To revisit the beginning. I was barely a year old on the campus of the University of Ife, when BJ came into my worldview and that of my Great Ife generation. The journey to the early encounter was the bloody police attack on the funeral procession called by the students’ union to protest the suspected ritual killing of a student, Bukola Arogundade. But, following the police assault, four other students lay dead, with the Nigeria Police ingeniously claiming they were electrocuted. I was part of the protest and got my own dose of police brutality that dark day of 7 June, 1981. It was a sad chapter that threw the campus into turmoil and rage.
BJ, as president of the Academic Staff Union of Universities (ASUU) and as a defender of the right to independent student unionism, was furious. Amidst contestation over what actually transpired on the fateful day, ASUU under him took the unprecedented step of constituting an administrative panel of inquiry headed by Chief Gani Fawehinmi, with columnist Labanji Bolaji as co-member. Grieving, restless, panting, BJ was ever present during the panel’s sittings. As witness number 78, I can attest. The findings and recommendations of that panel occupy a significant place in legal jurisprudence and literature on students’ protests and the student movement of the 1980s.

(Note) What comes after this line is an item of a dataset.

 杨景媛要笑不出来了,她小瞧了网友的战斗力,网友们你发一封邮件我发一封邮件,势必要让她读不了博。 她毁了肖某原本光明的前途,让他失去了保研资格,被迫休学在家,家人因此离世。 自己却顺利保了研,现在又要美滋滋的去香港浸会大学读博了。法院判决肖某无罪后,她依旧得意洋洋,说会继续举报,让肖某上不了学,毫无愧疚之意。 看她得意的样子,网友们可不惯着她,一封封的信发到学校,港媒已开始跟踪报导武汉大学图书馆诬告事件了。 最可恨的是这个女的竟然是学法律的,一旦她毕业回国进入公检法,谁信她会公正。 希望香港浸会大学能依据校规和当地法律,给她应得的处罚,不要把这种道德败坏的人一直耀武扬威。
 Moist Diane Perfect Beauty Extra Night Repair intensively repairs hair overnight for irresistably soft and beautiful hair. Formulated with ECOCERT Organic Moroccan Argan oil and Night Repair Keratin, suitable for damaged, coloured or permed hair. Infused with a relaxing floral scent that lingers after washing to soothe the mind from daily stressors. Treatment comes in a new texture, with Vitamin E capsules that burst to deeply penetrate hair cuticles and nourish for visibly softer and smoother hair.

Later joining the students socialist movement via the platform of the Alliance of Progressive Students (ALPS) meant that I would know BJ the more especially as one of the prominent members of the Ife socialist-marxist collective, comprising the likes of Segun Osoba, Toye Olorode, GG Darah, Dipo (Jingo) Fashina, etc.

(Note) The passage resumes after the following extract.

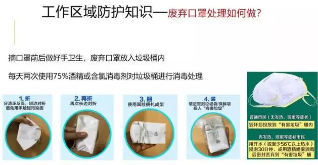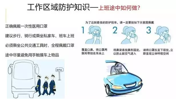给提前返岗同志的三点抗疫防护建议 关于很多与疫情防控无关的同志也要提前返岗的安排,这里不作咀嚼。既然已经返岗,请务必做好个人防护措施。然而提前返岗的第一天,相比口罩的紧缺,科学常识,防护意识更紧缺。 一、办公场所哪些是高危地带(戴口罩) 新型冠状病毒,主要通过空气中的飞沫进行传播。 空气不流通, 人员密度较大, 人员来往较频密的地方, 都是高危地区。 按危险程度: 1. 电梯间 2. 饭堂/餐厅 3. 办公室 办公室可能是最多人戴口罩, 然而,到了饭点,大家脱了口罩一起挤电梯聚餐去了。 …… 最高危:电梯间 电梯间是空气极其不流通的地方, 不要迷信那些“此处已消毒”的纸条。 只有一定浓度的酒精可以溶解冠状病毒外膜, 然而酒精是极其容易挥发的 除非每小时都安排专人对电梯间进行酒精消毒 否则,贴个已消毒的纸条纯粹自欺欺人 而且电梯间的危险是无形的 刚刚有人咳嗽或打了喷嚏后离开 你以为走进了空无一人的电梯间 实则充满了飞沫 包括你按电梯按钮的手指也沾满了飞沫。 建议: 1. 搭乘电梯一定要戴口罩。 2. 有条件的单位一定要频繁为电梯间消毒。 特别是按钮区。 次高危:饭堂/餐厅 挤满人排队打饭或就餐的区域, 是人流量最大,密度也最高的区域。 开玩笑说你要戴着口罩吃饭吗?是科盲。 建议: 1. 坐下吃饭的最后一刻才脱口罩。 2. 避免面对面就餐,避免就餐说话。 3. 避免扎堆就餐。 高危三:办公室 有人的地方,就有传染的风险。 建议: 1. 佩戴口罩,谈话保持适度距离 2. 随时保持良好通风 3. 对门把手,键盘鼠标,文具,桌面进行必要酒精消毒 二、勤洗手 勤洗手 勤洗手(重要三遍) 1. 到单位,第一时间洗手 2. 吃东西前,先洗手 3. 到过电梯间,饭堂高危区的,回来洗手 4. 外出回来,马上洗手 5. 要接触自己面部,特别是鼻孔与眼睛前,先洗手 三、科学的酒精消毒 像香水那样洒在自己身上是没有意义的。 关键是对我们手部会接触到的部位与物件进行消毒。 如手机,门把手,电梯按钮,鼠标键盘,自行车把手,工作证,文具,椅子等,各位看自己实际情况,进行甄别与重点消毒。 酒精要喷洒覆盖物件,自然晾干即可,不用擦拭。 重点提醒上述三点, 请各位结合其他权威科普宣传,做好防护。 二、个人防护知识(一)洗手篇 1、如何保护自己远离新型冠状病毒的肺炎传染? ①勤洗手。使用肥皂或洗手液并用流动水洗手,用一次性纸巾或干净毛巾 擦手。双手接触呼吸道分泌物后(如打喷嚏后)应立即洗手。 ②保持良好的呼吸道卫生习惯。咳嗽或打喷嚏时,用纸巾、毛巾等遮住口鼻,咳嗽或打喷嚏后洗手,避免用手触摸眼睛、鼻或口。 ③增强体质和免疫力。均衡饮食、适量运动、作息规律,避免产生过度疲劳。 ④保持环境清洁和通风。每天开窗通风数次不少于3次,每次20-30分钟。户外空气质量较差时,通风换气频次和时间应适当减少。 ⑤尽量减少到人群密集场所活动,避免接触呼吸道感染患者。 ⑥如出现呼吸道感染症状如咳嗽、流涕、发热等,应居家隔离休息,持续发热不退或症状加重时及早就医。 2、洗手在预防呼吸道传播疾病中的作用? 正确洗手是预防腹泻和呼吸道感染的最有效措施之一。国家疾病预防与控制中心、WHO及美国CDC 等权威机构均推荐用肥皂和清水(流水)充分洗手。 3、正确洗手需掌握六步洗手法: 第一步,双手手心相互搓洗(双手合十搓五下) 第二步,双手交叉搓洗手指缝(手心对手背,双手交叉相叠,左右手交换各搓洗五下) 第三步,手心对手心搓洗手指缝(手心相对十指交错,搓洗五下) 第四步,指尖搓洗手心,左右手相同(指尖放于手心相互搓洗搓五下) 第五步:一只手握住另一只手的拇指搓洗,左右手相同搓五下 第六步:弯曲手指使关节在另一手掌心旋转揉搓,交换进行各搓五下。 4、哪些时刻需要洗手? ①传递文件前后 ②在咳嗽或打喷嚏后 ③在制备食品之前、期间和之后 ④吃饭前 ⑤上厕所后 ⑥手脏时 ⑦在接触他人后⑧接触过动物之后⑨外出回来后 5、旅途在外没有清水,不方便洗手,怎么办? 可以使用含酒精消毒产品清洁双手。人冠状病毒不耐酸不耐碱,并且对有机溶剂和消毒剂敏感。75% 酒精可灭活病毒,所以达到一定浓度的含酒精消毒产品可以作为肥皂和流水洗手的替代方案。 (二)口罩篇 1、口罩该怎么选? 选择一:一次性医用口罩,连续佩戴4小时更换,污染或潮湿后立即更换; 选择二:N95医用防护口罩,连续佩戴4小时更换,污染或潮湿后立即更换。棉布口罩、海绵口罩均不推荐。 2、正确使用口罩 医用口罩的使用方法: ①口罩颜色深的是正面,正面应该朝外,而且医用口罩上还有鼻夹金属条。 ②正对脸部的应该是医用口罩的反面,也就是颜色比较浅的一面,除此之外,要注意带有金属条的部分应该在口罩的上方,不要戴反了。 ③分清楚口罩的正面、反面、上端、下端后,先将手洗干净,确定口罩是否正确之后,将两端的绳子挂在耳朵上。 ④最后一步,也是前面提到过的金属条问题,将口罩佩戴完毕后,需要用双手压紧鼻梁两侧的金属条,使口罩上端紧贴鼻梁,然后向下拉伸口罩,使口罩不留有褶皱,最好覆盖住鼻子和嘴巴。 3、特殊人群如何佩戴口罩? ①孕妇佩戴防护口罩,应注意结合自身条件,选择舒适性比较好的产品。 ②老年人及有心肺疾病慢性病患者佩戴后会造成不适感,甚至会加重原有病情,应寻求医生的专业指导。 ③儿童处在

Listening to BJ’s intellectually informed fiery polemics at the numerous campus lectures and symposiums of those days was equally delightful. He brought more excitement when he wrote and “directed” a convocation play simply titled, “Haba Director.”
“Director, haba director, haba director, this is too much oooo” was the theme song and intermittent chorus of the dramatic satire on the excesses of the political and economic elite, symbolised by the Director whose inhuman, anti-working class and anti-people irrational behaviour ultimately provoked a revolt. It was a conclusion that served as a warning to the campus and country’s ruling elites, some of whom were in the audience, even if it didn’t disguise BJ’s desire for popular or mass revolt. Vintage BJ, we might say again.

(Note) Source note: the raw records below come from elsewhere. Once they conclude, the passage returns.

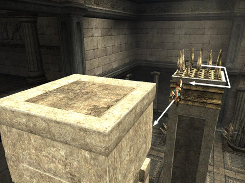 Quickly pull up, turn left and take a running jump to grab the next protruding ledge. This one also starts to move back into the wall, so pull up, turn left and take a running jump to grab the top of the spiked pillar ahead. Now you can take your time again.
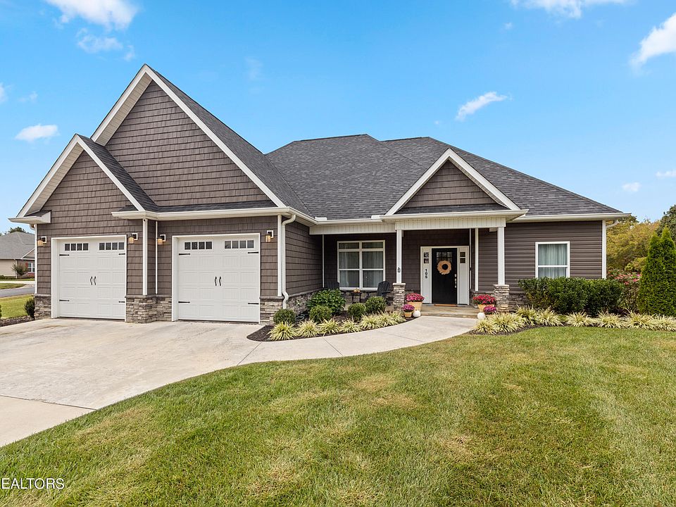 This one-owner recently built (2018) IMMACULATE home features an ample welcoming front porch, a fantastic open floor plan, three bedrooms, an office AND a phenomenal kitchen. The Great Room boastes a gorgeous corner stacked stone fireplace. The kitchen has an island, pantry, granite counter-tops and stainless steel appliances. The owner's suite is open and welcoming with a large walk-in shower and separate dual vanity areas. The Laundry Room has a folding area, a place to hang your clothes and a separate area for additional storage. This one level ranch provides all the easy-living convenience you could desire in your home with it's spacious design. Located in Tellico Village which is planned community with amenties that include: three challenging championship golf courses, a wide array of activites at two recreation facilities, a 27,000 sq ft Wellness Center with suanas, indoor swimming pool, warm-water therapeutic pool, tennis courts, pickleball courts and a wide array of yoga, dance or Tai Chi courses, a 20,000 yacht/country club with dining, extensive walking and hiking trails, and three marinas with numerous boating and water sports available on Tellico Lake which has 357 miles of shoreline and 15,560 acres of water surface. Come see this today - you will be glad you did. All information deemed reliable but not guaranteed. SF is approximate and must be verified by buyer.
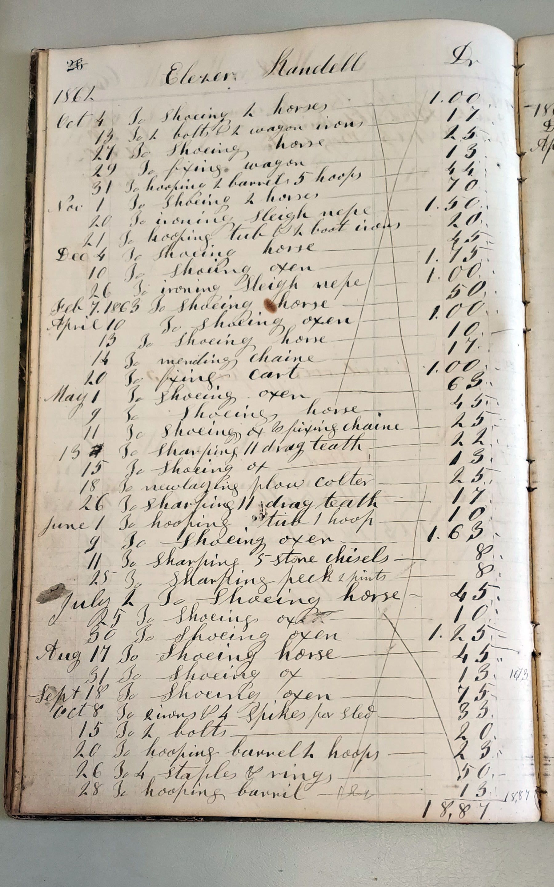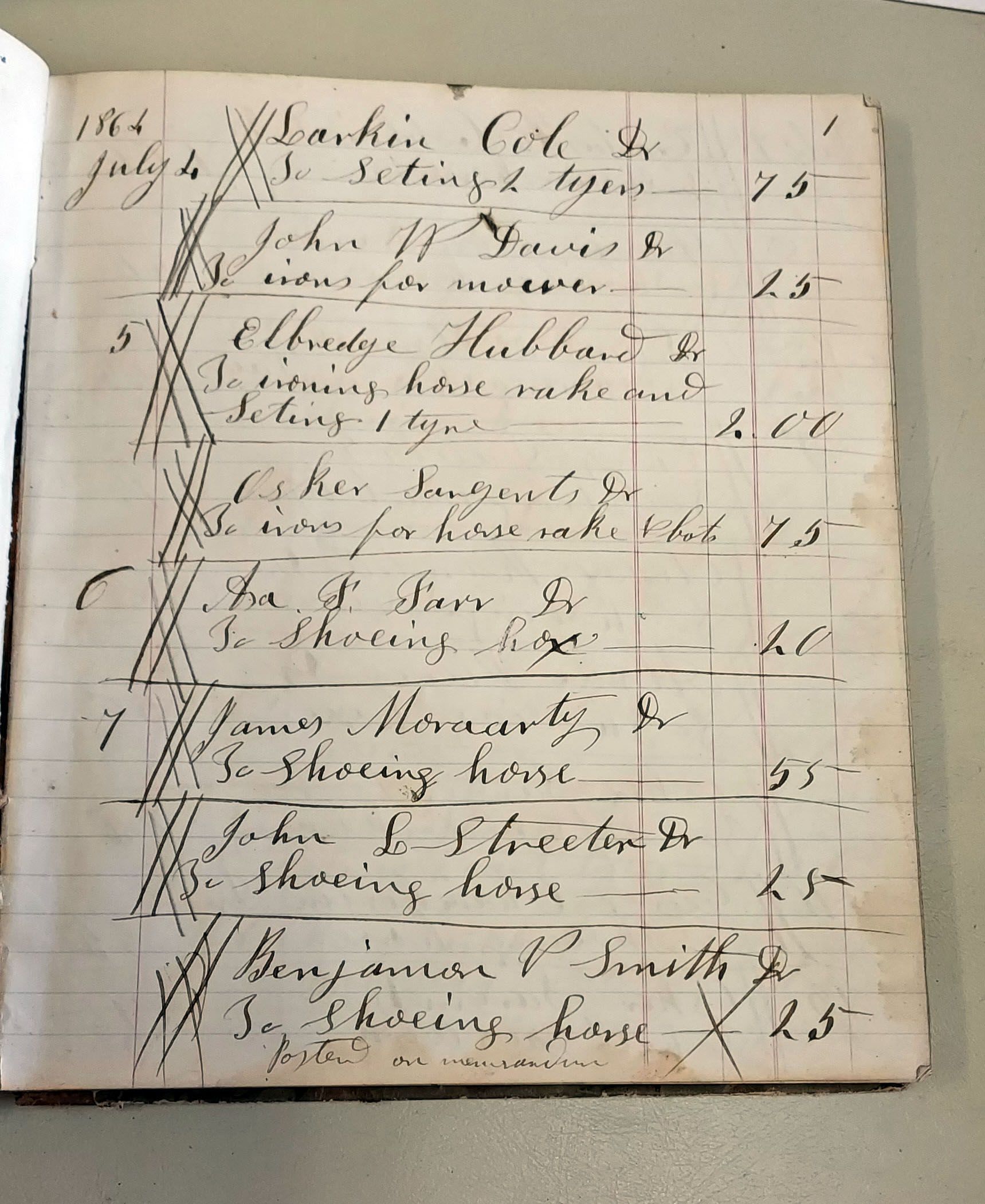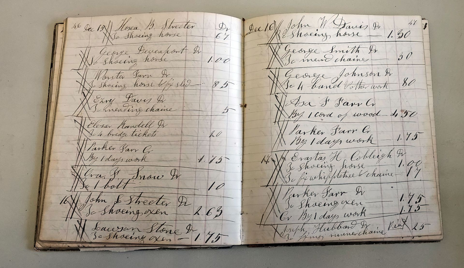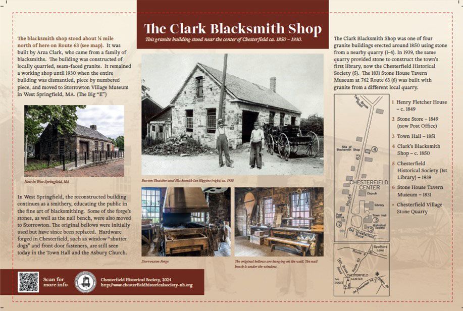 The Clark Blacksmith Shop was only one of several Blacksmith Shops in Chesterfield. Smith Starkey came to West Village (West Chesterfield) in 1855 and ran the blacksmith shop there. He was born in Richmond NH (section now part of Troy, NH) on March 19, 1807 to Timothy and Nancy (Smith) Starkey. The Chesterfield Historical Society archives contain two of his ledger books. They may be viewed upon request.

Streams of tributes have been flowing from students, friends, associates, comrades, and academics who crossed paths with BJ, revealing more about vintage moments with him. They point to the fact that with his passing, Nigeria has lost one of its finest principled fighters for the liberation of Nigeria from the shackles of imperialist and neo colonial domination and exploitation.
Thank you, Professor Biodun Jeyifo. We shall miss your intellectual perspectives on the emancipation of the “talakawa”. We shall also miss your humour, laughter, and informed polemics.
Lanre Arogundade, a member of the editorial board of Premium Times, is the executive director of International Press Centre and former president of the National Association of Nigerian Students.